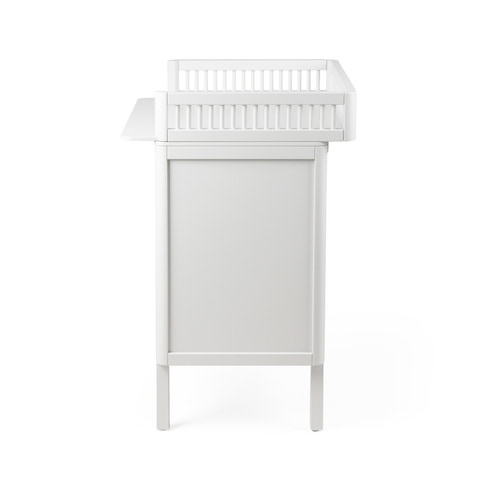 Sebra Puslebordet er et elegant, funktionelt og dansk-designet 2-i-1 møbel, som kommer med en kommode, en pusleplade og henholdsvis to skuffer. Puslebordet er designet med et skandinavisk og tidløst udtryk, der harmonerer med de øvrige møbler fra Sebra’s klassiske møbelkollektion. Et funktionelt, sikkert og klassisk puslebord uden uønsket kemi og med lang levetid til børneværelset, soveværelset, badeværelse eller et andet sted i hjemmet. Her ses Sebra Puslebordet med skuffer og i farven Classic White. Sebra Puslebordet med skuffer er et puslebord, der let kan forvandles til et klassisk opbevaringsmøbel, når behovet for puslebordet hører op. Puslepladen er lukket bagtil og til siderne og fremstår med en forhøjet kant med små runde tremmer, som er med til at give puslebordet det karakteristiske udtryk, som Sebra Sengen er så kendt og elsket for. Puslepladen (indvendige mål) har en dybde på 66 cm og en bredde på 69 cm, hvilket giver plads til en puslehynde og andre puslefornødenheder, som kræves i forbindelse med et bleskift, tøjskift eller blot en hyggestund med babypludder. De to skuffer giver mulighed for opbevaring at tøj, bleer, legetøj eller hvad der nu måtte være behov for. Skufferne er udstyret med ”softluk”, som sikrer, at skufferne lukkes stille og roligt. Derved minimeres risikoen for at få fingrene i klemme, og det er en god ting på netop børneværelset, hvor små fingre ikke altid er så hurtige, som de store. Den praktiske forvandling fra puslebord til opbevaringsmøbel sker ved, at puslepladen nemt fjernes fra underdelen. Denne egenskab gør, at det ikke er nødvendigt at opmagasinere et komplet puslebord eller skille sig af med puslebordet i perioden imellem blebørn - eller når behovet for et puslebord blot forsvinder helt. Det giver puslebordet en ekstra lang levetid og et produkt, der kan vokse med barnet eller dets søskende - et møbel, der let kan gå i arv. Fronterne fremstår med udskårne greb, der sammen med kommodens afrundede hjørner er med til at øge sikkerheden på børneværelset – ingen skarpe kanter, som kan give ridser og skrammer. Puslebordet er på fire ben, hvilket sikrer et lettere og mindre bastant udtryk end et puslebord uden ben. Det giver naturligvis også mulighed for opbevaring under kommoden, hvis behovet er der.
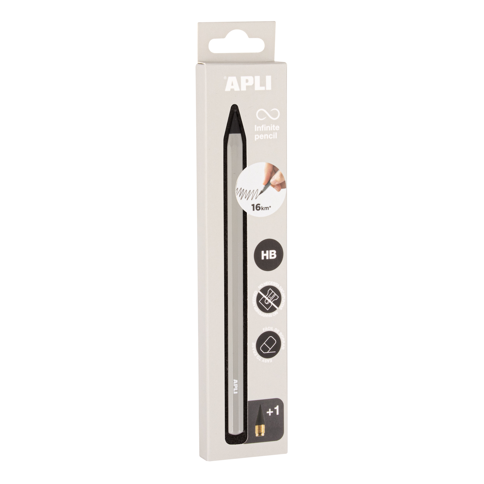 Crayon infini dans un blister gris. Crayon qui vous permet d'écrire sans vous arrêter. Grâce à sa mine légèrement abrasive et résistante, le crayon innovant Infini vous permettra d'écrire jusqu'à 16 km sans taillage, vous offrant ainsi une concentration optimale lors de vos activités d'écriture et de dessin. Chaque blister contient 1 crayon Infini, 1 mine de crayon HB et 1 capuchon de protection.
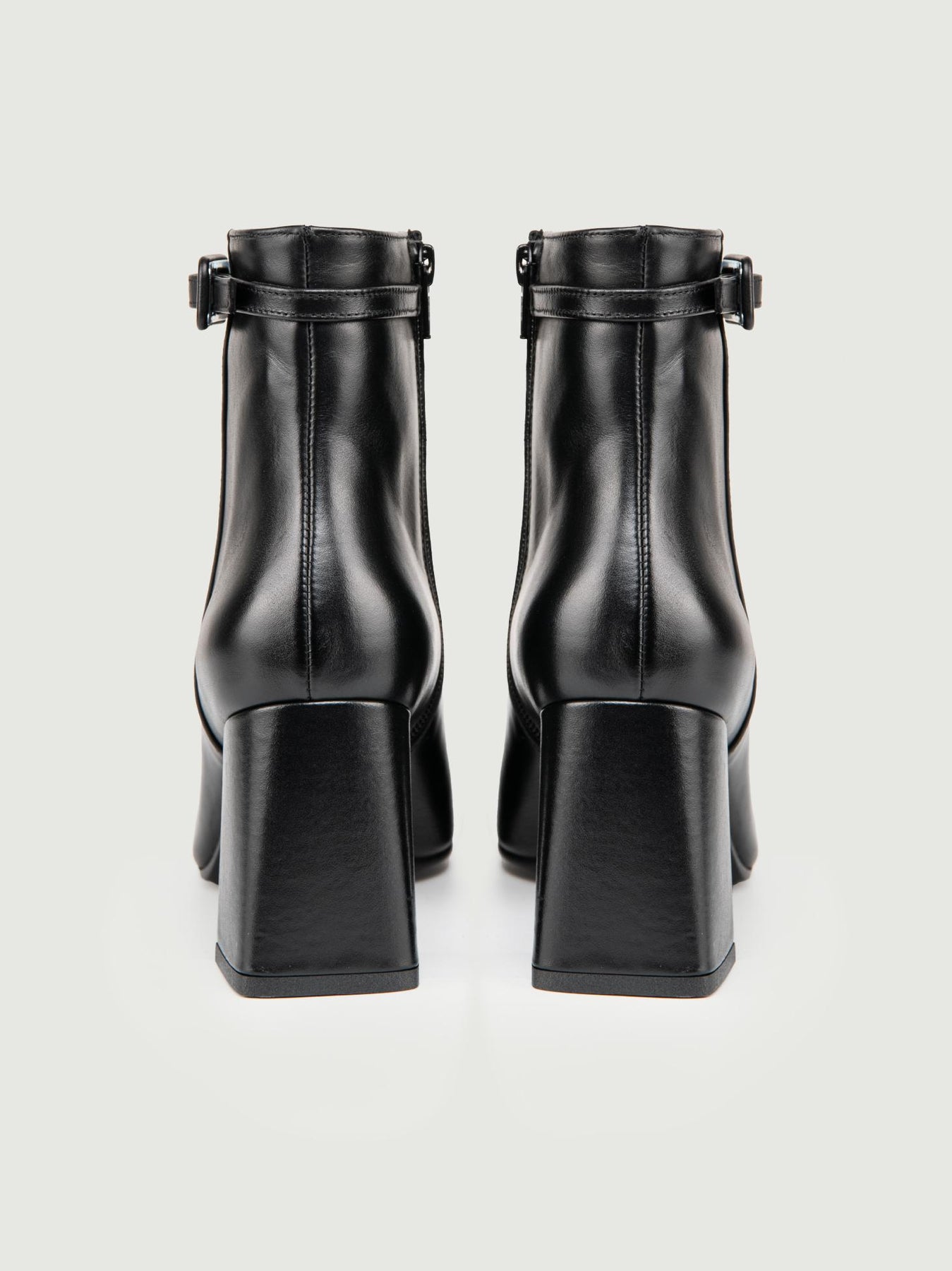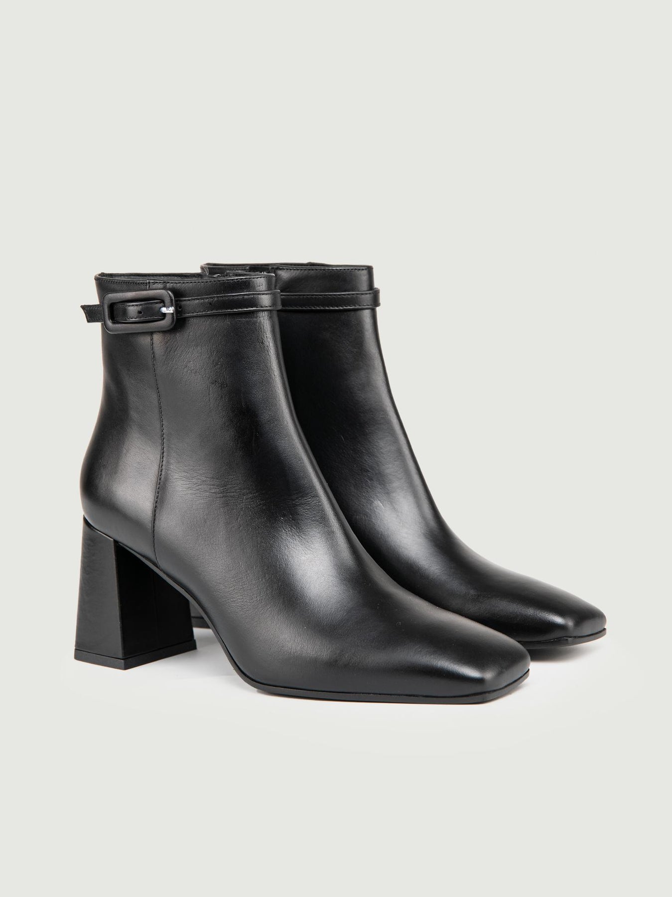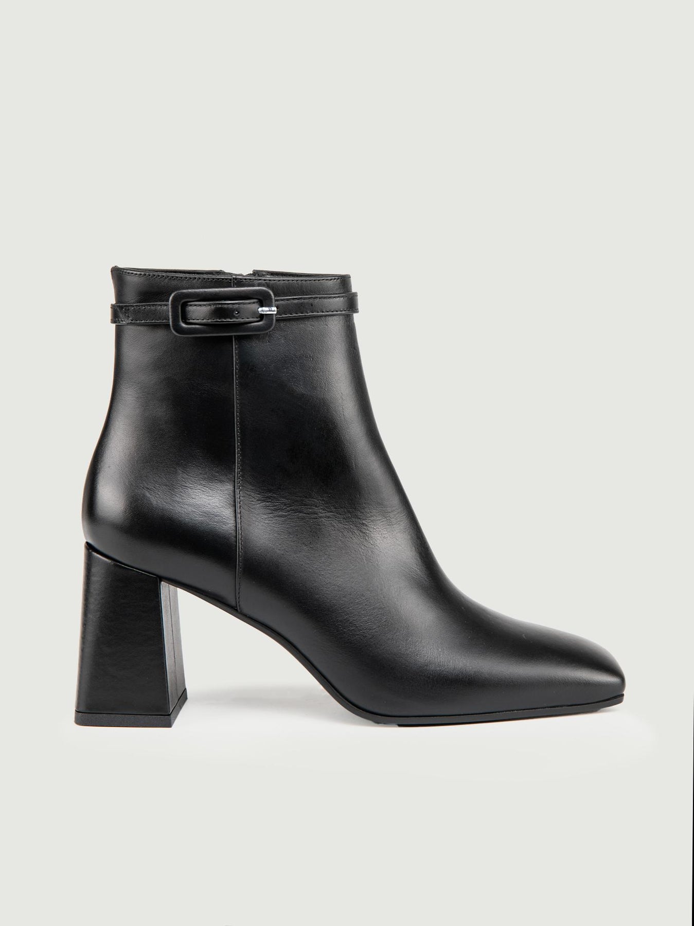 Tronchetto in pelle nero con tacco squadrato. Punta squadrata. Inserto cinturino alla caviglia con fibbia in tonalità. Altezza tacco: 8 cm. Tomaia: pelle. Fodera interna: pelle. Suola: gomma. Made in Italy. Designer: Andrea Morando
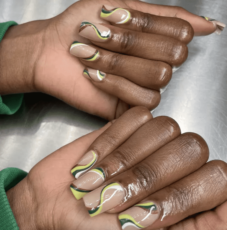 GROOVY SWIRLS OLIVE GREEN NAILS
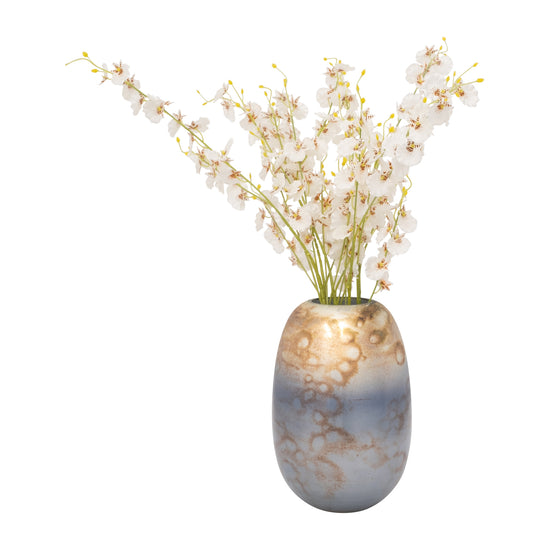 El Jarrón 36X20 Dorado Claro es una pieza única que aporta un toque elegante y sofisticado a cualquier espacio. Su diseño de forma ovalada con acabados en dorado claro y tonalidades sutiles crea una apariencia moderna y artística. Perfecto para decorar mesas, estanterías o como centro de atención en cualquier habitación
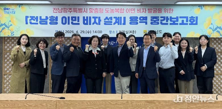 정안뉴스 안정주 기자 | 전라남도는 29일 도청에서 전남광주통합특별시 출범에 대비한 ‘통합특별시형 이민 비자 설계’ 용역 중간보고회를 열어, 도시와 농촌이 상생하는 외국인 정착·인재 유치 모델을 논의했다.
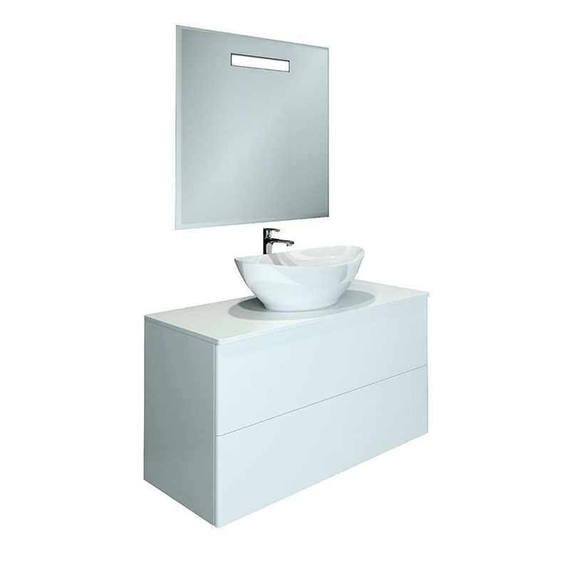 Подвесная тумба с раковиной-чашей и столешницей МДФ, с двумя выдвижными ящиками. Предназначена для использования в ванных комнатах с повышенной влажностью. Система Push to Open: ящики открываются нажатием на них. Высокое качество сборки, материалов и фурнитуры. Столешница, корпус и фасад: МДФ, плёнка ПВХ белая глянцевая. Раковина накладная (глубина 10 см) - фаянс.
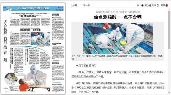 海南日报8月14日报道指出,儋州市实行临时性全域静态管理后,白马井中心渔港第一时间进入全封闭管理模式,并组织医护人员到船上开展多轮渔民核酸检测采样。医护人员还会对鱼和船内环境采样检测,并对船只进行消毒。
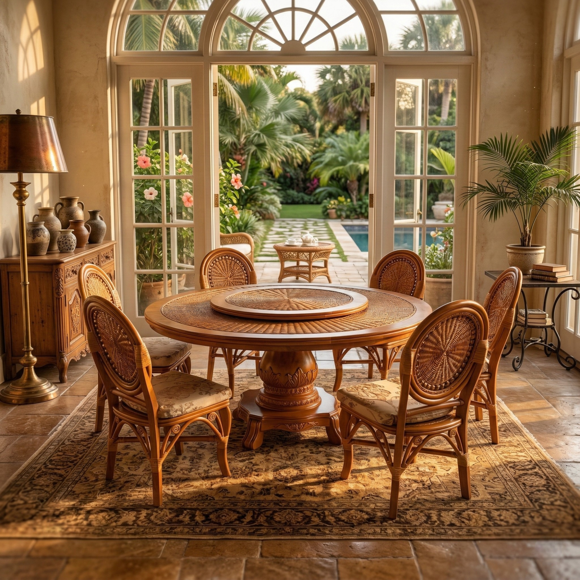 Обеденный комплект Ixora из натурального индонезийского ротанга с вышитыми подушками создаёт тёплую атмосферу с оттенком утончённости. Стол с поворотной вставкой и шесть глубоких стульев подойдут для просторной кухни, закрытой террасы или лаунж-зоны, где важны комфорт, выразительность и естественные материалы.
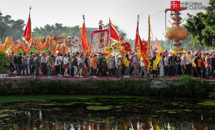 2019年2月16日拍攝于廣東省開(kāi)平市水口鎮(zhèn)泮村。廣東省開(kāi)平市水口鎮(zhèn)泮村鄉(xiāng)有一個(gè)別具特色的民間習(xí)俗——泮村燈會(huì)。每年農(nóng)歷正月十三,泮村鄉(xiāng)彩旗蔽日,炮竹聲聲。四十多個(gè)村莊,家家戶戶張燈結(jié)彩,喜氣洋洋。全鄉(xiāng)群眾,簇?fù)碇锥喔叩拇蠡?,以羅傘開(kāi)路,龍獅伴隨,從早晨到黃昏,游遍全鄉(xiāng)。[攝影:黃建軍]
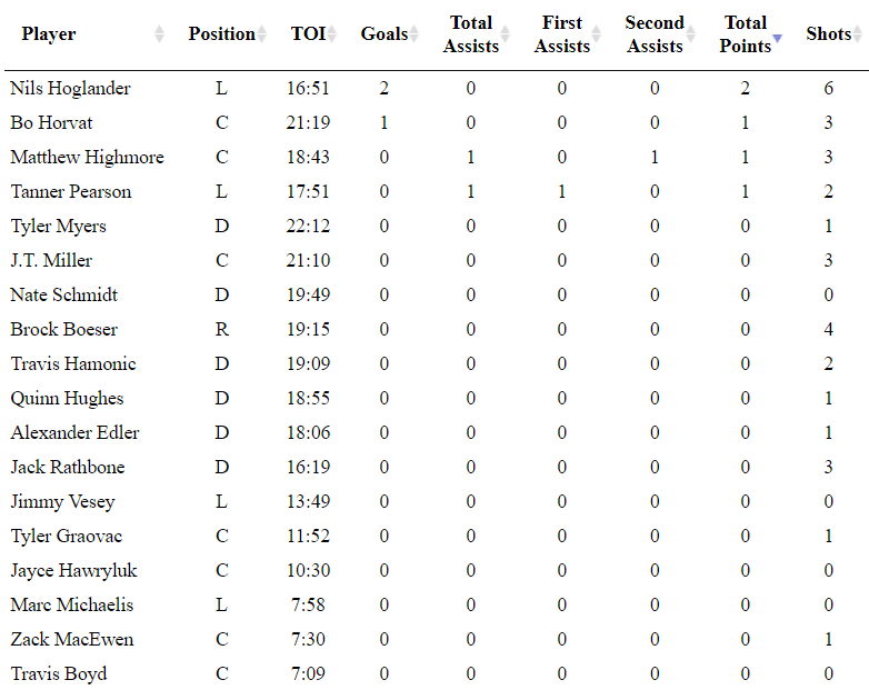 With his goal, Höglander is now first on the team in five-on-five scoring. He has 29 points in 50 games.
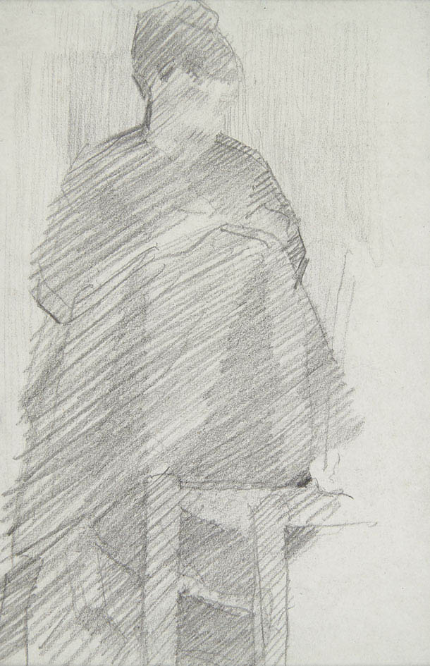 As a draughtsman, Seurat quickly learned to isolate small fragments of daily life and simplify them. In Seurat’s drawings, the line plays a secondary role, with the white of the paper providing light to the subject, piercing between strokes of pencil, between shadows stretched across the paper. **Our Young Girl Sewing** is almost a “classic” Seurat figure, as he had early on adopted the repetition of identical formal elements in his work. Indeed, by the time of this drawing, Seurat had already produced dozens of drawings of men and women from the streets of Paris, the suburbs, or the countryside. The seamstress is thus a figure frequently found in Seurat’s sketchbooks.
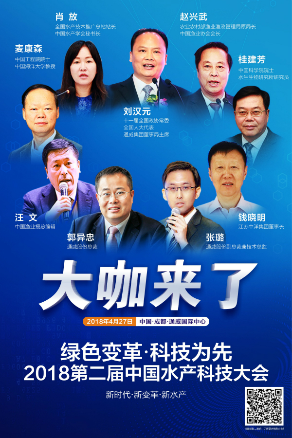 4月27日,以“綠色變革,科技為先”為主題的2018第二屆中國水產科技大會將在通威國際中心隆重啟幕。眾多頂級大咖“空降”蓉城,在這場中國水產行業的頂級盛會上,論道水產、智慧碰撞,助力中國水產行業破冰前行。
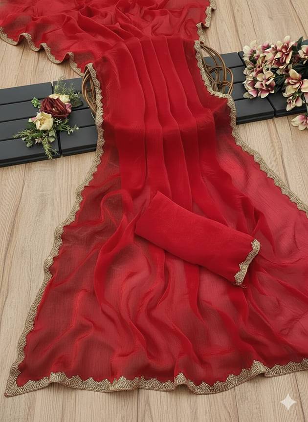HouseOfCommon Solid/Plain Bollywood Chiffon Saree (Red)
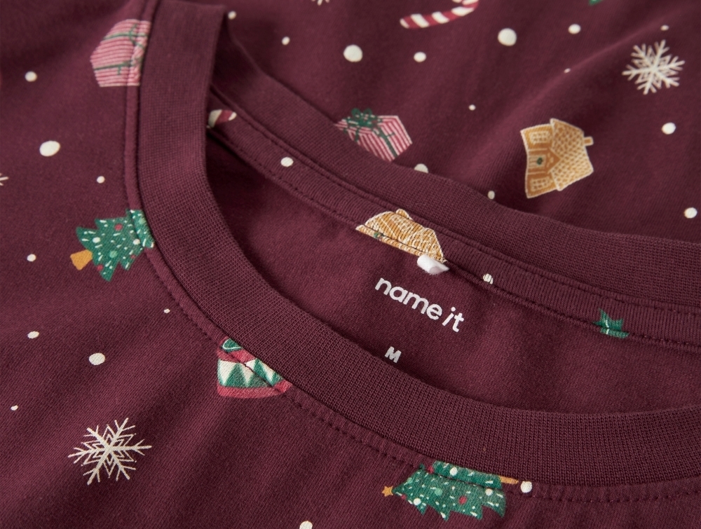 Mere information om Name It pyjamas burgundy med juleprint (voksen)
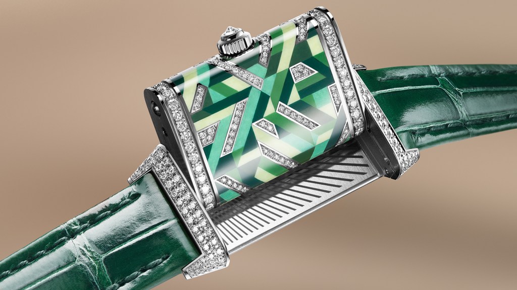 An Art Deco masterpiece from Jaeger-LeCoultre‘s in-house Métiers Rares atelier, the Reverso One Precious Colours pairs miniature-painted grand feu enamel with diamond-set accents. It’s a playfully elegant expression of the brand’s artistry and technical capabilities, enveloped by the iconic Reverso case shape crafted from white gold. Within the wristwatch beats the hand-wound Calibre 846 (developed and produced entirely by Jaeger-LeCoultre).
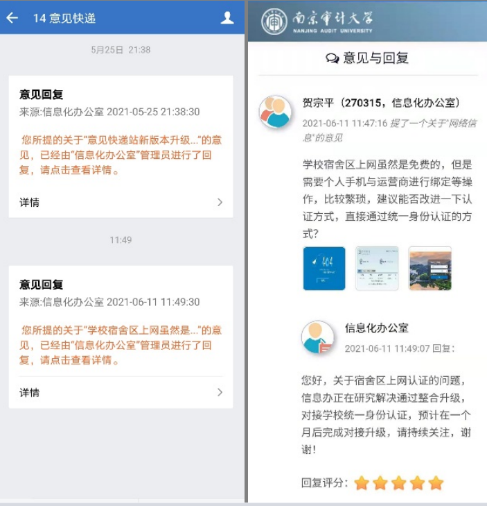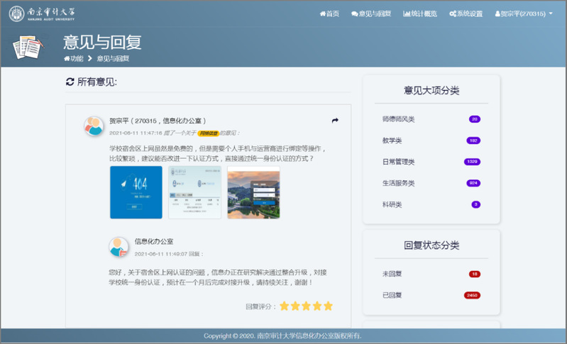 南京审计大学深刻认识到如果脱离了有效的管理机制,功能再强大的信息系统也无法充分发挥作用。“师生意见快递站”系统部署上线后,学校机关党委立即发文提出工作要求,明确所有师生意见实行“首问负责制”,明确每类问题的第一责任人,并要求做到“第一时间响应”、“意见当天回复”。
..............................
» Work instruction
Within the data above, repeat exactly the lines from the one bearing "Crayon infini dans" through the one bearing "GROOVY SWIRLS OLIVE GREEN NAILS". Include no pictures and nothing else.

» Response to the task
 Crayon infini dans un blister gris. Crayon qui vous permet d'écrire sans vous arrêter. Grâce à sa mine légèrement abrasive et résistante, le crayon innovant Infini vous permettra d'écrire jusqu'à 16 km sans taillage, vous offrant ainsi une concentration optimale lors de vos activités d'écriture et de dessin. Chaque blister contient 1 crayon Infini, 1 mine de crayon HB et 1 capuchon de protection.
 Tronchetto in pelle nero con tacco squadrato. Punta squadrata. Inserto cinturino alla caviglia con fibbia in tonalità. Altezza tacco: 8 cm. Tomaia: pelle. Fodera interna: pelle. Suola: gomma. Made in Italy. Designer: Andrea Morando
 GROOVY SWIRLS OLIVE GREEN NAILS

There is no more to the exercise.